0

I have 2 pyspark dataframes that I am trying to join where some of the values in the columns have parenthesis. For example one of the values is

"Mangy (Dog)"

If I try joining like so:

df1.join(df2 expr("df1.animal rlike df2.animal_stat")

I don't get any results. So I tried filtering using rlike just to see if I am able to capture the values.

The filtering worked on all values except those with parenthesis. For example when i try to filter like so:

df.filter(col('animal').rlike("Mangy (Dog)")).show()

I don't get any results.

However, if I filter with rlike("Mangy") or rlike("(Dog)" it seems to work. Even though I specified parenthesis in (Dog).

Is there a way to make rlike to include parenthesis in its matches?

EDIT: I have 2 dataframes df1 and df2 like so:

+-----------------+-------+
|           animal| origin|
+-----------------+-------+
|      mangy (dog)|Streets|
|              Cat|  house|
|[Bumbling] Bufoon| Utopia|
|          Cheetah|  Congo|
|(Sprawling) Snake| Amazon|
+-----------------+-------+

+-------------------+-----------+
|        animal_stat|destination|
+-------------------+-----------+
|              ^dog$|      House|
|              ^Cat$|    Streets|
|^[Bumbling] Bufoon$|     Circus|
|          ^Cheetah$|        Zoo|
|      ^(Sprawling)$|  Glass Box|
+-------------------+-----------+

I am trying to join the two using rlike using the following method:

dff1=df1.alias('dff1')
dff2=df2.alias('dff2')

combine=dff1.join(dff2, expr("dff1.animal rlike dff2.animal_stat"), how='left')
.drop(dff2.animal_stat)

I would like the output dataframe to be like so:

+-----------------+-------+-----------+
|           animal| origin|destination|
+-----------------+-------+-----------+
|      mangy (dog)|Streets|      House|
|              Cat|  house|    Streets|
|[Bumbling] Bufoon| Utopia|     Circus|
|          Cheetah|  Congo|        Zoo|
|(Sprawling) Snake| Amazon|  Glass Box|
+-----------------+-------+-----------+
thentangler
  • 1,048
  • 2
  • 12
  • 38

2 Answers2

2

Edit:

combine = df1.alias('df1').join(
    df2.withColumn('animal_stat', F.regexp_replace(F.regexp_replace(F.regexp_replace(F.regexp_replace('animal_stat', '\\(', '\\\\('), '\\)', '\\\\)'), '\\[', '\\\\['), '\\]', '\\\\]')).alias('df2'), 
    F.expr('df1.animal rlike df2.animal_stat'),
    'left'
)

If you're not using any regex, you probably want to use like instead of rlike. For example, you can do

df1.join(df2, expr("df1.animal like concat('%', df2.animal_stat, '%')"))
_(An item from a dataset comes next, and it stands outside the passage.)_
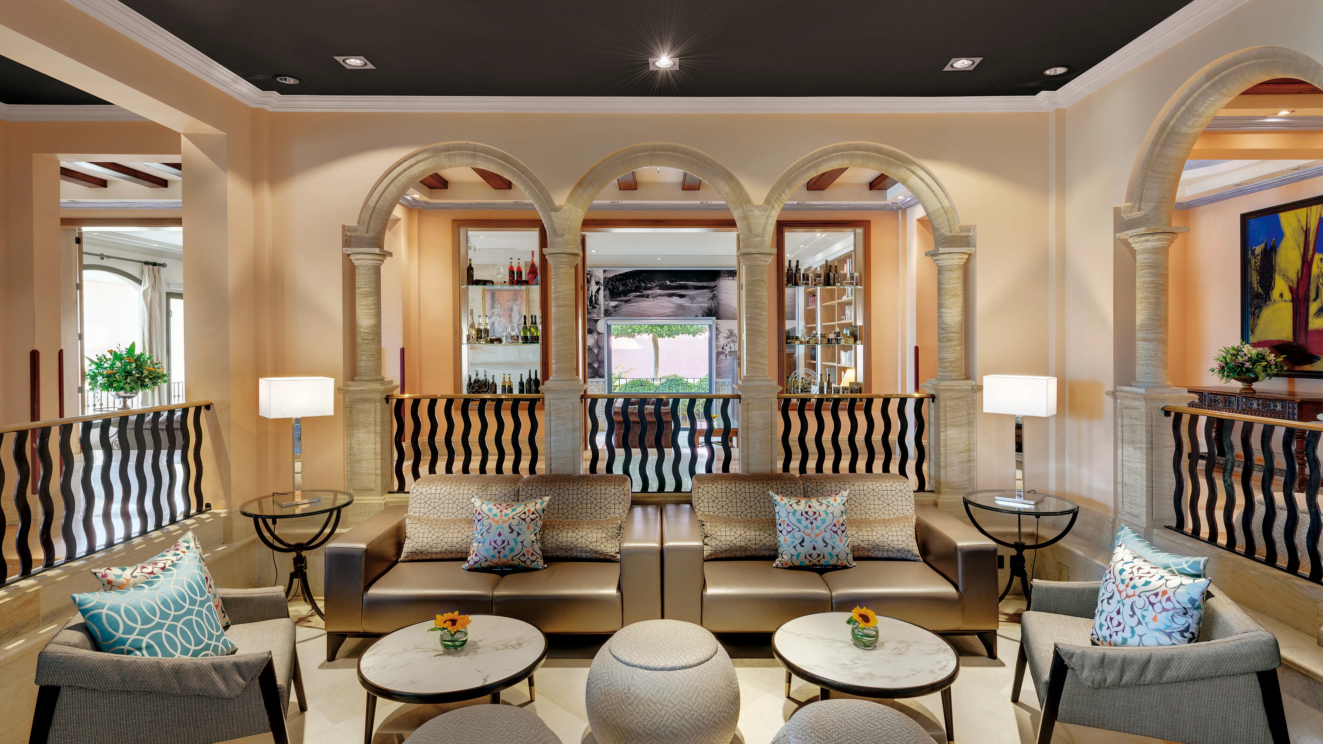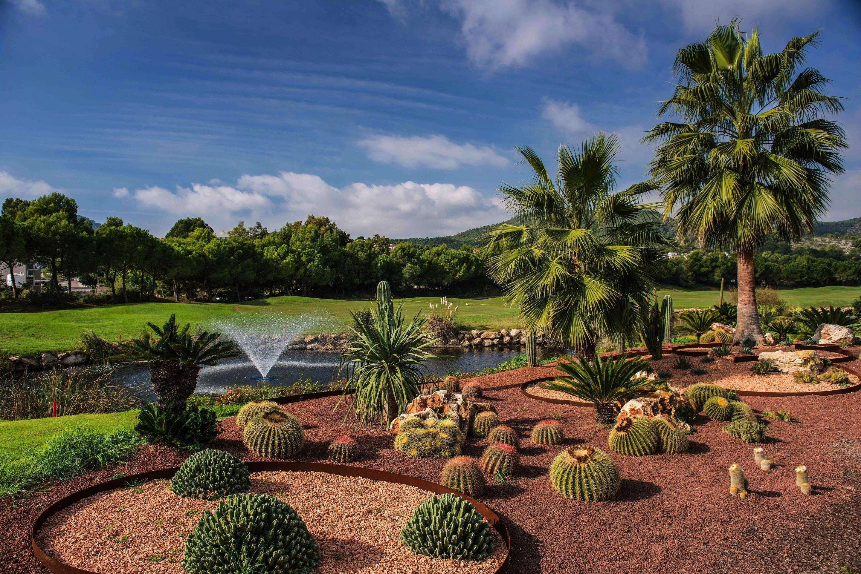 It is a quiet and luxurious resort, located in the bay of Camp de Mar, close to the Port of Andratx and only 300 metres away from the sandy beach of Camp de Mar. The hotel building, inspired by the traditional Majorcan Country estates, is surrounded by the famous 18-hole golf course “Golf de Andratx”. The hotel offers exclusive accommodation in a stylish Mediterranean taste in all of its room types, overlooking either golf course, the pool or the sea side. Location:2011 Year of most recent renovation; 164 Total number of rooms; 3 Number of floors (main building); 160 Double rooms; 2 Suites; 2 Disability-friendly rooms Hotel type:hotel Methods of payment:MasterCard; Visa Distances (in meters):City centre (200); Nearest Bus / Metro Stop (250); Airport (25000); Beach (250); Golf course (100) Room facilities (Standard room):45 Room size (sqm); 1 Number of bedrooms; Disability-friendly bathroom; Wi-fi; Internet access; Balcony; Wheelchair-accessible; Smoking rooms Facilities:Wheelchair-accessible; Car park (Extra Fee); Garage (Extra Fee); 24-hour reception; Check-in hour; Check-out hour; Late Check-out (Extra Fee); Mobile phone coverage; Wi-fi; Car hire (Extra Fee); Transfer service (Extra Fee); Secure parking (Extra Fee); Valet parking (Extra Fee); Airport Shuttle; Room service (Extra Fee); Laundry service (Extra Fee); Medical service (Extra Fee); Bicycle hire service (Extra Fee); Babysitting service; Multilingual staff; Bellboy service; Air conditioning in public areas; Fireplace; Hotel safe; Currency exchange facilities; Cloakroom; Lift access; Newspaper stand; Garden; Terrace; Bicycle storage; Hotel’s own bike shop/workshop; Sun terrace; Gym; Newspapers; Golf desk; Luggage room; Dining area; Clothes dryer; Grill/BBQ; Library; Bikes available Catering:Café; Bar; 3 Restaurant; Poolside snack bar; Air conditioning in Restaurant; Breakfast room Business:Conference room; 3 Meeting room; Photocopier (Extra Fee); Audio-visual equipment rental (Extra Fee); Fax (Extra Fee) Entertainment:1 Indoor freshwater pool; 1 Outdoor freshwater pool; Sun loungers; Parasols; Children playground; Kids’ club; TV lounge; Pub Health:Sauna; Steam bath; Turkish bath (hamam); Massage (Extra Fee); Spa treatments (Extra Fee); Hairdressing salon; Beauty salon (Extra Fee); Spa centre

To do a filter, you can try

df.filter(col('animal').like("%Mangy (Dog)%")).show()
mck
  • 40,932
  • 13
  • 35
  • 50
  • Thank you for the answer. I am actually using regex. Is there a way to use the `rlike` in joins where you dont specify parts of the string? I was filtering in order to troubleshoot, but my main use for `rlike` is to join on columns that have regex. I have edited my post to show the same. – thentangler Mar 19 '21 at 15:41
  • the regex does not match for the first and last row – mck Mar 19 '21 at 15:51
  • also how could you tell whether the brackets are part of the regular expression or not? like, maybe you're trying to match any character in `[Bumbling]` because you enclosed it in square brackets? – mck Mar 19 '21 at 15:56
  • In my use case brackets (parentheses or square) will never be part of a regular expression. It should be part of the string to be matched to – thentangler Mar 19 '21 at 20:54
  • @thentangler see the edited answer? I think you can escape the parentheses using backslashes before doing an `rlike` join. – mck Mar 20 '21 at 09:36
  • Thank You I will try that. But can we replace the parentehsis with a blank instead? Like `F.regexp_replace('animal_stat', '\\(', ' ')` ? – thentangler Mar 21 '21 at 17:22
  • 1
    You could, it depends on whether you want to keep the parenthesis in the pattern to match – mck Mar 21 '21 at 17:27
0

.rlike() is the same as .like() except it uses regex. You need to escape the parentheses. Try filtering like this:

df.filter(col('animal').rlike("Mangy \(Dog\)")).show()

Not sure I can help with the original join issue without some sample data.